The good news for him is that there’s certainly a lot of evidence for a new supply-side agenda to draw on. Take the federal Department of Health’s drug approval process. Last month the National Post reported that the global pharmaceutical company Merck has thousands of doses of its COVID-19 therapeutic drug in storage while it awaits federal approval. 

Never mind the drug has been approved by regulators in peer jurisdictions such as the United States and the United Kingdom. Or that the World Health Organization has recommended its use for high-risk patients.
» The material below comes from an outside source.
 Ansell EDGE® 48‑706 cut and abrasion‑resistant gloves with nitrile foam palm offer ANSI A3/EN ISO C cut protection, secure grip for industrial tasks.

Or that the federal Industry Minister, François-Philippe Champagne, previously lauded Merck’s partnership with a Whitby-based company to manufacture the drug here in Canada. 
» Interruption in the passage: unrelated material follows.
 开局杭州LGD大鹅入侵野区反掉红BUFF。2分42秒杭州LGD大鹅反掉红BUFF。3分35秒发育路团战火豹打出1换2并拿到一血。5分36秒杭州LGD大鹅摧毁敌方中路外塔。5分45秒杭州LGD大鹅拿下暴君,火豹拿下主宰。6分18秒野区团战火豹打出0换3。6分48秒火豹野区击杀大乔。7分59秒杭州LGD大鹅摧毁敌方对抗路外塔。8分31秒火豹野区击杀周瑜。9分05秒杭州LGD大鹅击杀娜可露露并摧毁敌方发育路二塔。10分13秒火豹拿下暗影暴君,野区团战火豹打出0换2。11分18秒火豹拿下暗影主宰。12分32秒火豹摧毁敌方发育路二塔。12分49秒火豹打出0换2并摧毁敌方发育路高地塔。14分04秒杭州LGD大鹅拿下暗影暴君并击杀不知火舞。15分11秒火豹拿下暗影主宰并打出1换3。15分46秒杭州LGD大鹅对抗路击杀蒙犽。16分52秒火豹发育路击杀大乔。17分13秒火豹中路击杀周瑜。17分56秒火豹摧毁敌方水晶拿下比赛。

Notwithstanding these key considerations, the federal government has still carried out its regulatory review at what’s been described as a “snail-like speed.” The costs of these drug approval delays, unlike in the case of housing, won’t be mainly measured in higher prices but rather in higher rates of hospitalization and even deaths from COVID-19. 

In this particular case, the answer probably ought to have come in some form of regulatory harmonization with the United States such as a system of mutual recognition, joint review panels, or what is sometimes known as a “convergence test.” At this point, though, it’s critical that the Department of Health just approve the drug so that it can be administered in Canada as soon as possible. 

More generally, Canadian policymakers should be replacing these slow and duplicative regulatory processes—particularly in the face of a life-threatening endemic—with a model that preferences progress over a lot of bureaucratic busywork. Think of it as a pro-abundance response to the problem of government-induced scarcity. 

There are countless other examples across the Canadian economy that similarly represent an impediment to growth and progress. Poilievre is right therefore to focus on the gatekeepers. They stand in the way of abundance. It’s time to open the gates.